» **TASK**: Your answer must consist solely of the line containing "Sattelausstellung vor der Scheune" and each line after it through the end of the data, copied exactly.

Entries taken from a collection:

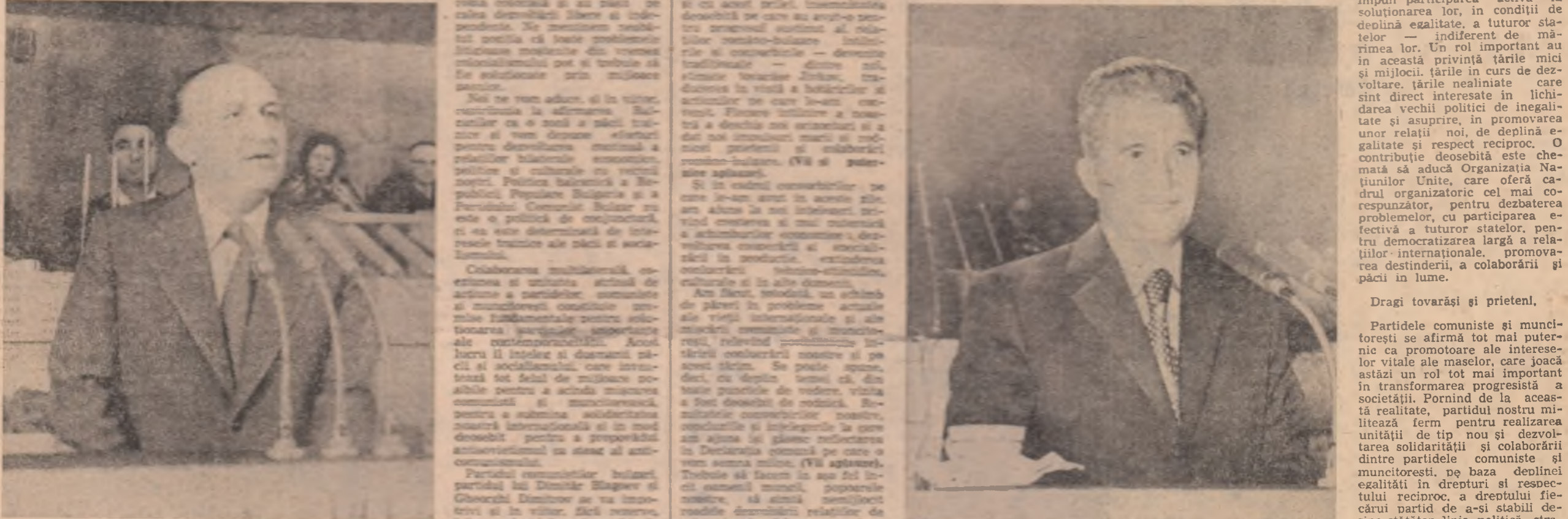
Un sistem alături de popoarele care luă pentru independență, din Africa de Sud, Namibia și Zimbabwe, pentru ca să trăiască în pace și prosperitate. Fostul președinte al Republicii Populare Bulgare, Todor Jivkov, a avut o discuție cu tovarășii săi din România. El a spus că este deosebit de important să se realizeze în continuare procesul de dezvoltare și consolidare a relațiilor noastre multilaterale în domeniul cultural.
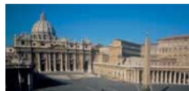
Papstvo je Antihrist.

Četiri zveri iz Danila 7 su prikazane kao delovi zveri koja se odnosi na Antihrista, a to je zbog toga što je papstvo preuzelo verovanja i običaje iz svih četiri pređašnjih imperija. Ta verovanja i običaje je papstvo ogrnulo duhovnim plaštem i u svet poslalo kao hrišćansku nauku. Evo jednog od mnogih istorijskih dokaza u prilog toga: „U izvesnom smislu je ono [papstvo] sebe organizovalo po ugledu na Rimsku imperiju, sačuvalo je i unapredilo filozofske institucije Sokrata, Platona i Aristotela, pozajmilo je neke stvari od Varvara i Vizantijske Rimske imperije, ali ono uvek ostaje posebno, dok potpuno preživa te elemente uzete iz spoljašnjih izvora.“ 1 Ova tačka definitivno odgovara papstvu.
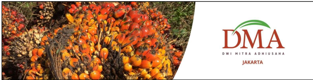
Gambar 1. 3 Tendan Buah Segar Kelapa Sawit

Perusahaan berfokus pada kegiatan usaha pada penanaman tanaman kelapa sawit dan pemanenan tendan buah segar (TBS) yang kemudian akan dijual kepada pabrik pengolahan kelapa sawit maupun distributor. Selain itu perusahaan ini juga melakukan kerjasama dengan dua koperasi dalam bentuk plasma. Perusahaan ini memiliki beberapa anak perusahaan yang bergerak diberbagai bidang seperti dibidang kelapa sawit yaitu PT. Candi Artha, bidang perkebunan mangga yaitu PT. Trigatra Rajasa dan bidang pertambangan yaitu PT. Pasirmaung Agritech.
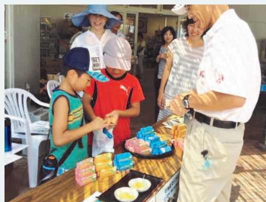
子ども達とようかんの販売

■ 認定NPO法人自然再生センター 〒690-0064 松江市天神町114 TEL (0852)21-4882 http://www.sizen-saisei.org/
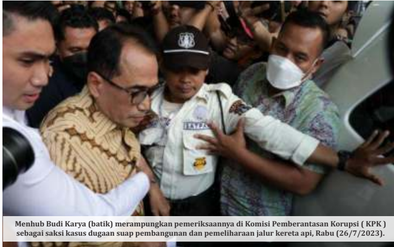
Menhub Budi Karya (batik) merampungkan pemeriksaannya di Komisi Pemberantasan Korupsi (KPK) sebagai saksi kasus dugaan suap pembangunan dan pemeliharaan jalur kereta api, Rabu (26/7/2023).

KPK mengapresiasi kehadiran Menteri Perhubungan Budi Karya Sumadi sebagai saksi. "Kami mengapresiasi kehadiran tiap saksi yang dipanggil tim penyidik KPK sehingga akan menjadi jelas dan terang perbuatan para tersangka yang saat ini sedang dilakukan proses penyidikannya," ujar Kepala Bagian Pemberitaan KPK Ali Fikri di Gedung Pusat Edukasi Antikorupsi C1 atau Kantor Dewas KPK, Jakarta, Rabu
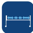
Liggeflate mål ▼
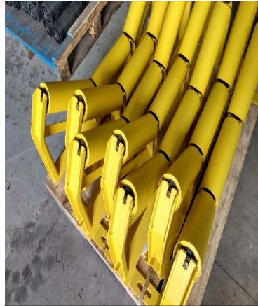
Cavalete para transportador de correia
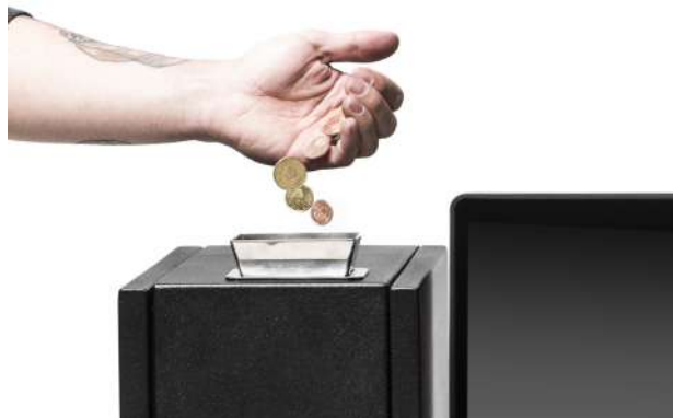
Accepte et vérifie jusqu'à 6 monnaies par seconde
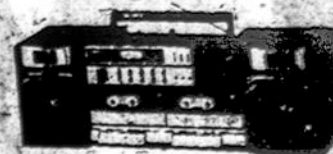
ĮVAIRŪS RADIO APARATAI SU TRUMPŲM BANGŲM
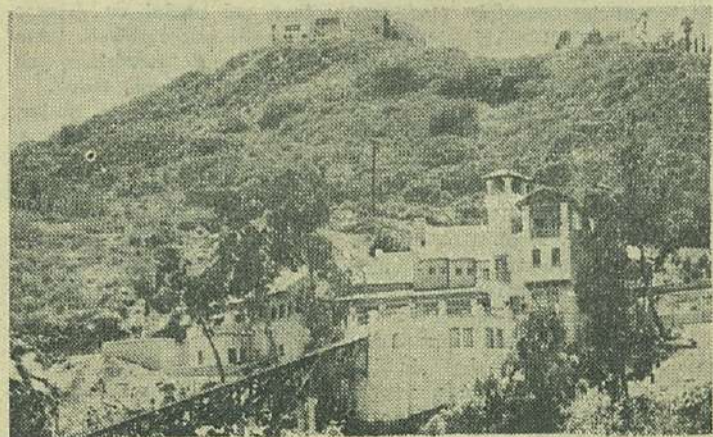
VILA DIN ENCINO UNDE MICHAEL JACKSON LOCUIEȘTE CU ÎNTREAGA FAMILIE
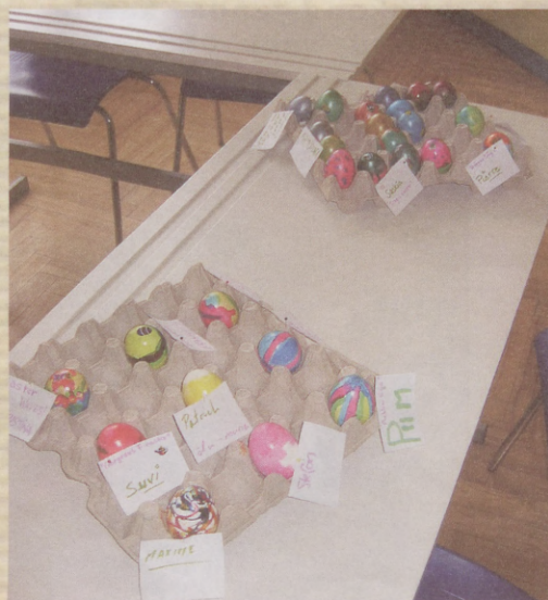
Easter Eggs Competition!
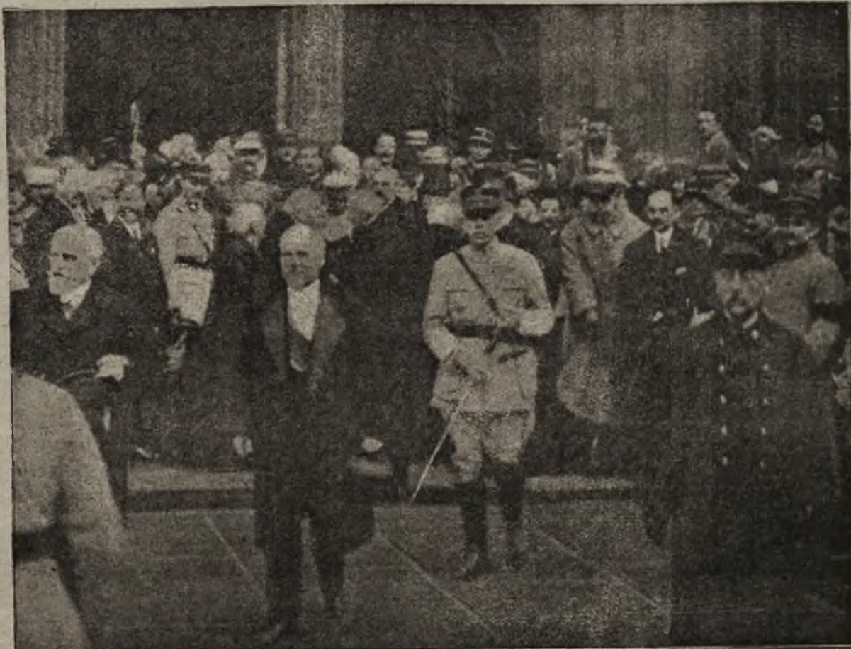
Niemcy a koalicja: Prezydent Poincaré witany owacyjnie w Strassburgu przez Alzackich.

W Paryżu jest o wiele przestroniej, choć i tam robi się ciasno. Poszczególne misje zajęły dla siebie całe hotele, liczące po kilkaset pokoi mieszkalnych, prócz wielkich i wspaniałe urządzonej salonów. Anglicy ulokowali się w czterech pierwszorzędnych hotelach: Majestic, Astoria, Alba i Baltimore; Amerykanie zajęli hotel Grillon, Belgowie hotel Lotti. Japończycy Bristol, Grecy Mercedes, Czechosłowacy i Chińczycy mieszczą się w Lutecyi, Serbowie i Portugalczyki w hotelu Campbell, Włosi w hotelu Edward VII. O wysokości cen dzierżawnych daje pewne wyobrażenie kwota 15.000 franków dziennie, opłacana przez Anglików za hotel Majestic. Dla reprezentantów prasy sprzymierzonej i neutralnej przeznaczyło ministerstwo spraw za
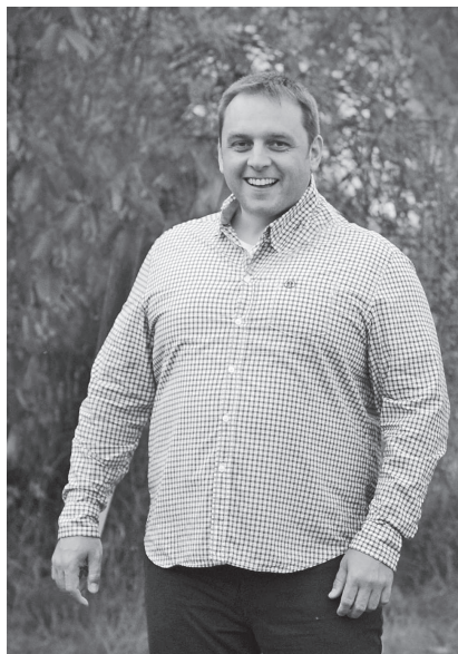
"Budu pokračovat v odporu proti tlakům města na další masovou výstavbu."

OPM je zřejmě to nejzajímavější, co mě dosud v životě potkalo. Stále mě udivuje, kolik nezištných, šikovných a zapálených lidí je ochotných fungovat jen na bázi nadšení a víry, že společně usilujeme o správnou věc. V tomto směru musím říct, že mám na spolupracovníky veliké štěstí a je pro mě ctí, že si mě vybrali, abych je na radnici reprezentoval. Lidí ochotných dělat něco navíc je v Medláňkách hodně. Tyto lidi by mělo OPM sdružovat a díky vzájemné spolupráci využívat jejich potenciál k obohacení kvality života v Medláňkách. Angažmá OPM ve volbách a na radnici vidím jen jako nástroj k naplňování tohoto cíle. Rád bych tedy viděl OPM organizující společenské, sportovní a kulturní akce, OPM informující o naší MČ, OPM vstupující do správy věcí veřejných, OPM zastávající zájmy naší MČ vůči městu a OPM otevřeně dalším lidem, kteří chtějí pro Medláňky dělat něco navíc.
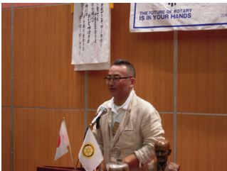
上野ロータリー情報委員長
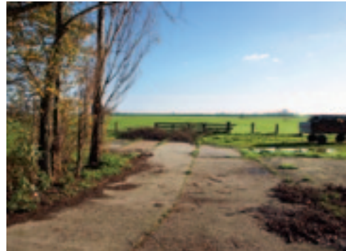
Het uitzicht achter de stal oogt echt Noord-Hollands.
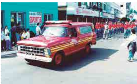
Bombeiros presente em desfile de 7 de Setembro
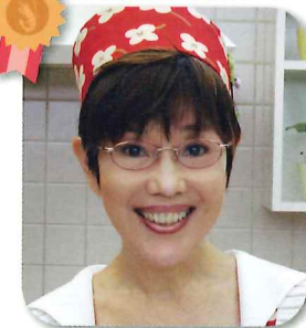
料理愛好家 平野レミ様
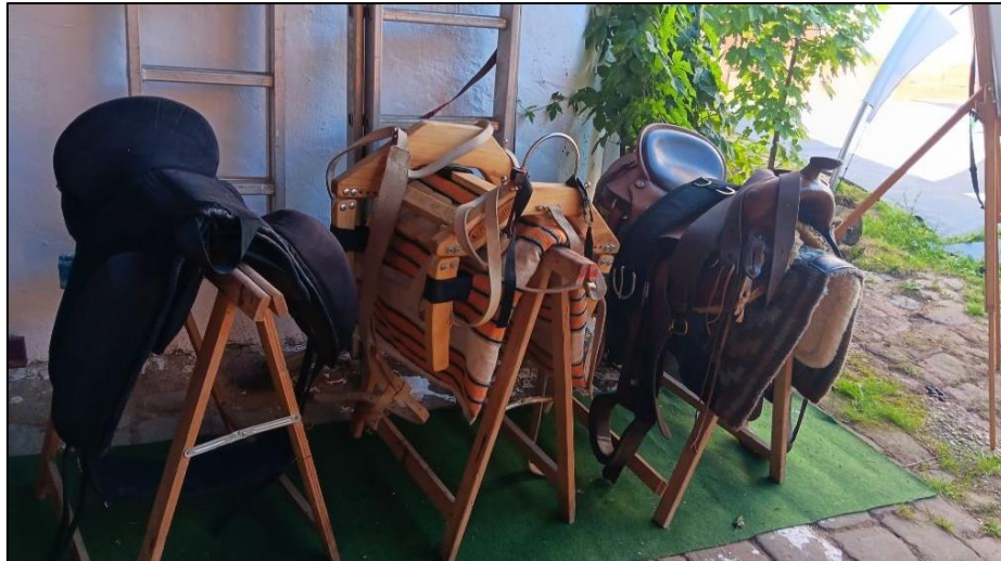
Sattelausstellung vor der Scheune

Im ehemaligen Hundeauslauf musste der große Nussbaum entfernt werden. Seine Äste ragten über den Gastank hinaus und stellten damit ein Sicherheitsrisiko dar. Zudem hatte sich der Baum bereits weit auf das Nachbargrundstück bis auf das Dach des dortigen Hühnerstalls ausgedehnt. Für diese Arbeit engagierten wir einen Fachbetrieb, der den großen Stamm ohne Schäden für uns oder den Nachbarn fällen konnte. Das Holz wurde so geschnitten, dass wir es als Brennholz einlagern können.

» **SOLUTION TO THIS PROBLEM**:
Sattelausstellung vor der Scheune

Im ehemaligen Hundeauslauf musste der große Nussbaum entfernt werden. Seine Äste ragten über den Gastank hinaus und stellten damit ein Sicherheitsrisiko dar. Zudem hatte sich der Baum bereits weit auf das Nachbargrundstück bis auf das Dach des dortigen Hühnerstalls ausgedehnt. Für diese Arbeit engagierten wir einen Fachbetrieb, der den großen Stamm ohne Schäden für uns oder den Nachbarn fällen konnte. Das Holz wurde so geschnitten, dass wir es als Brennholz einlagern können.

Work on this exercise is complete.